As empresas ineficientes deveriam quebrar. Varig e Vasp são exemplos de como tentativas de salvamento apenas prolongam a crise e prejudicam os concorrentes que têm alguma chance de seguirem vivos. Voos são cada vez mais um commodity, pouco importa a marca que atende a rota. Se uma quebra, outra entra. Mesmo os grandes jatos comerciais são em quase sua totalidade alugados pelas aéreas. Melhor uma morte organizada que uma falência caótica.
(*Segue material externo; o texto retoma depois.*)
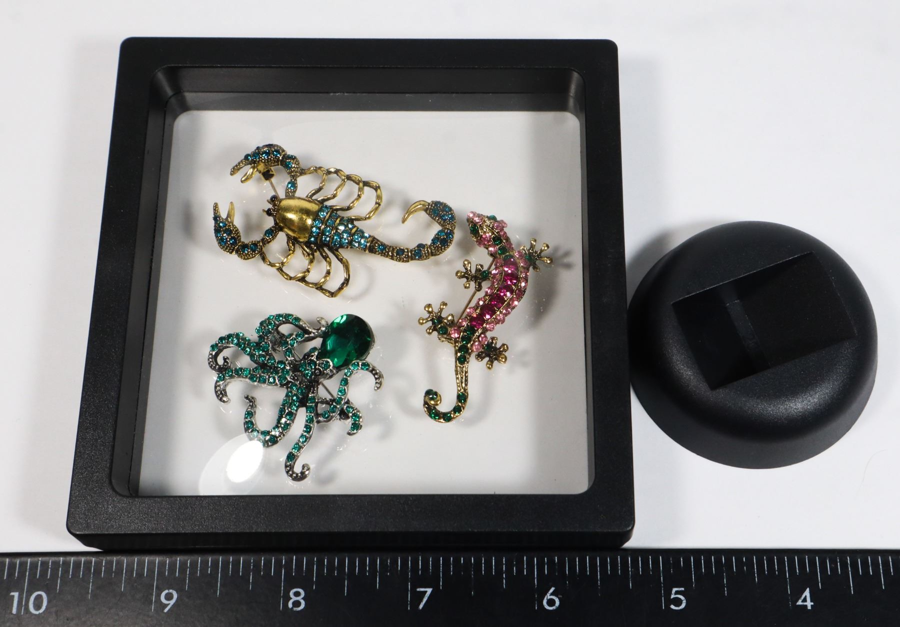 LAKE BLUE SCORPION BROOCHES -SPARKLING RHINESTONES- FLOATING CASE WITH SAND. CASE CAN BE REUSED WITH HELP OF HOT AIR BLOWER
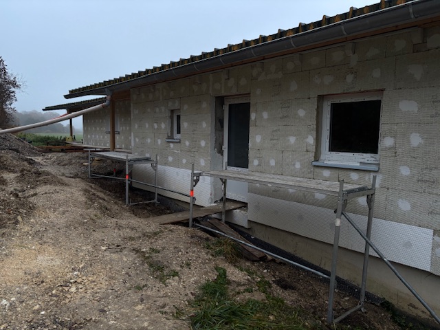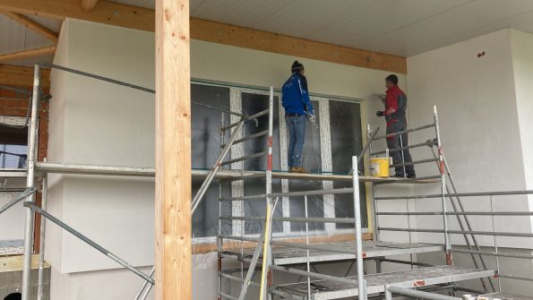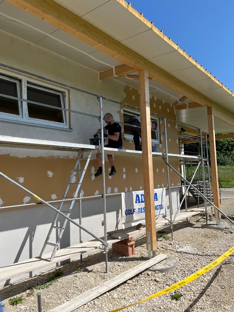 Im Mai wurde die Außenwand der neuen Heimkabine isoliert und verputzt. Diese Maßnahme verbessert nicht nur die Energieeffizienz, sondern verleiht dem Neubau auch ein sauberes Erscheinungsbild.
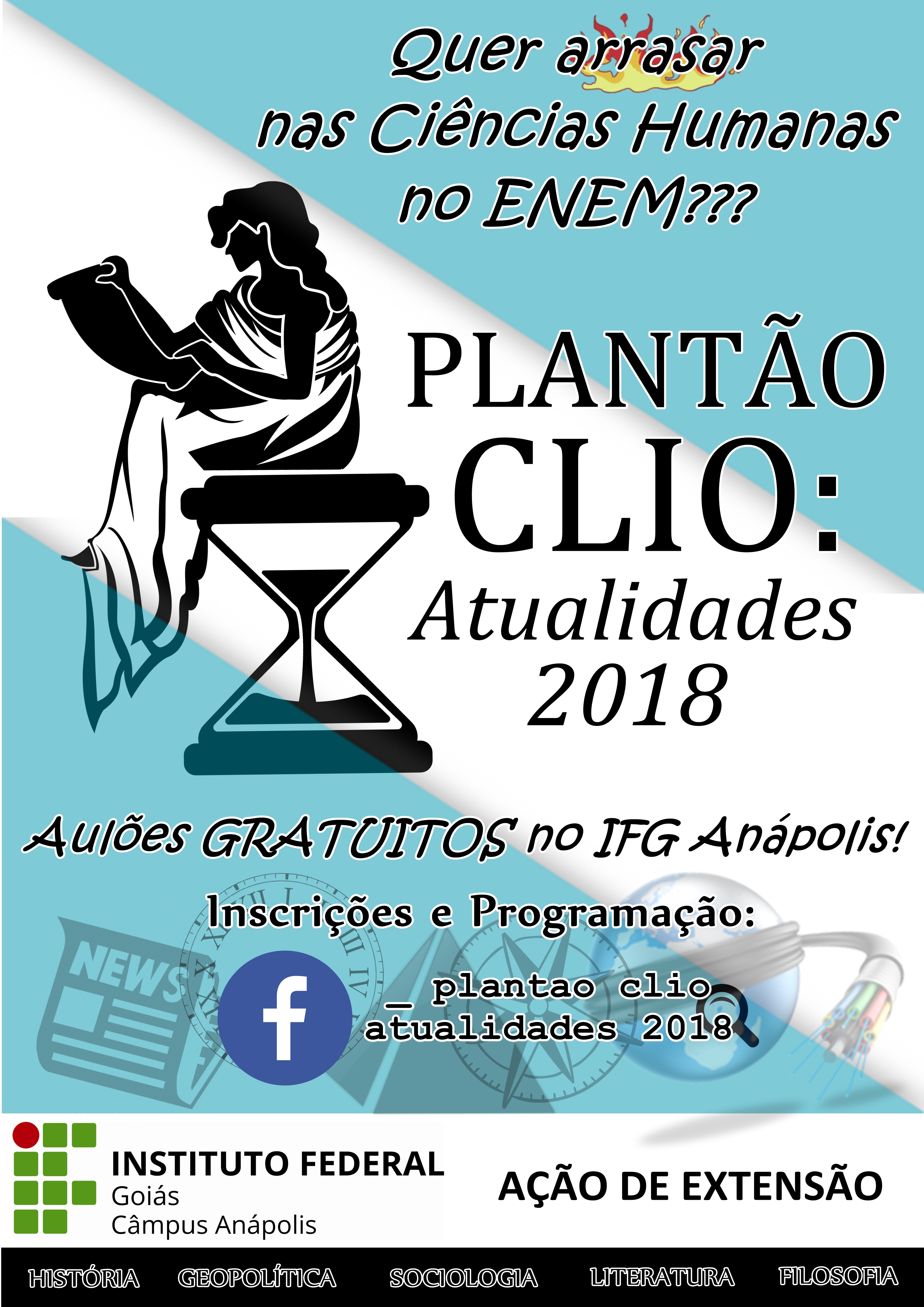 Chamada Pública nº 005/2018 sobre a Ação de Extensão Plantão Clio: Atualidades 2018. Essa Ação de Extensão consiste em uma série de encontros/aulões GRATUITOS, para estudantes dos últimos períodos/ano do Ensino Médio, sobre temas relevantes das Ciências Humanas na atualidade e eventos históricos importantes para este ano, visando colaborar com um maior rendimento dos estudantes participantes no Exame Nacional do Ensino Médio (ENEM) e em demais vestibulares e/ou processos seletivos.
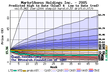 The high to date and low to date prices of the stock plotted against a random walk model for 2005 (what's this?).
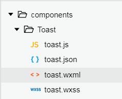 然后在components文件夹中创建Toast文件夹,在Toast上右击新建Component 之后就会自动创建相对应的wxml、wxss、js、json文件。
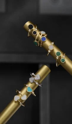 Brio nasce da un’ispirazione precisa: quella di trasformare il gioiello in un gesto quotidiano, leggero e pieno di energia. Un’eleganza naturale, spontanea, che si manifesta attraverso forme morbide – cerchi e cuori – e un sapiente uso del colore, caratteristico del marchio Tavanti. Le pietre naturali come madreperla, malachite, onice, lapislazzuli, turchese e kogolong incontrano l’oro 18 carati, dando vita a una palette raffinata che alterna toni caldi e freddi in un gioco visivo elegante e mai eccessivo.
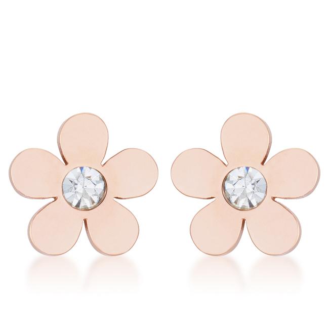 Daisy 0.3ct CZ Rose Gold Stainless Steel Flower Stud Earrings
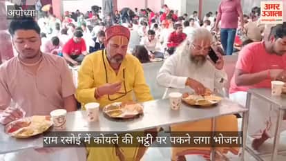 अयोध्या में राम रसोई में कोयले की भट्ठी पर पकने लगा भोजन

Protecionismo de aéreas locais

O argumento do Governo é que precisamos de empresas nacionais fortes para atender a destinos menos interessantes no interior. Isto é questionável, tente encontrar um voo para cidades menores e verá como são raros. O presidente Bolsonaro aprovou 100% de participação de capital estrangeiro nas áreas brasileiras, o que era do interesse das aéreas, mas não permitiu a entrada de concorrentes internacionais.

Se a Anac e o Governo são tão liberais com as aéreas brasileiras, inclusive afirmando que o pagamento por bagagem é uma prática de mercados desenvolvidos, por que não adota também uma postura liberal e permite a entrada de qualquer aérea internacional para competir também em rotas nacionais? Nem mesmo nossa política de “céus abertos” é tão aberta assim.

Segundo o Senado Notícias, “no caso do controle das aéreas pelo capital internacional, ficou de fora da MP a proposta de condicionar esse controle à operação, por um mínimo de dois anos, de 5% dos voos em rotas regionais. Os deputados também rejeitaram emenda que previa a operação de voos internacionais por tripulantes brasileiros, ressalvada a possibilidade de no máximo 1/3 de comissários estrangeiros”.

Ou seja, nossa política de céus abertos não é lá tão aberta assim. E nossos ilustres políticos, que não raro voam em aviões da FAB, mas são tratados como clientes VIP nas aéreas, tomaram medidas bastante camaradas com as empresas brasileiras. Fico imaginando um senador dizendo a uma empresa europeia, onde políticos vão ao trabalho de bicicleta, que ele é VIP porque tem até cota de passagens paga pelos eleitores.

Não é apenas sobre um coelho. É sobre o modelo de regulação e os incentivos de todo o setor aéreo. Hoje você pode achar graça do vídeo, mas não irá rir quando o atendente de uma aérea te tratar da mesma forma. Também não tem graça pagar mais caro por sua passagem e bagagem. Precisamos de regras claras e de uma agência forte e atuante para fiscalizar o setor aéreo.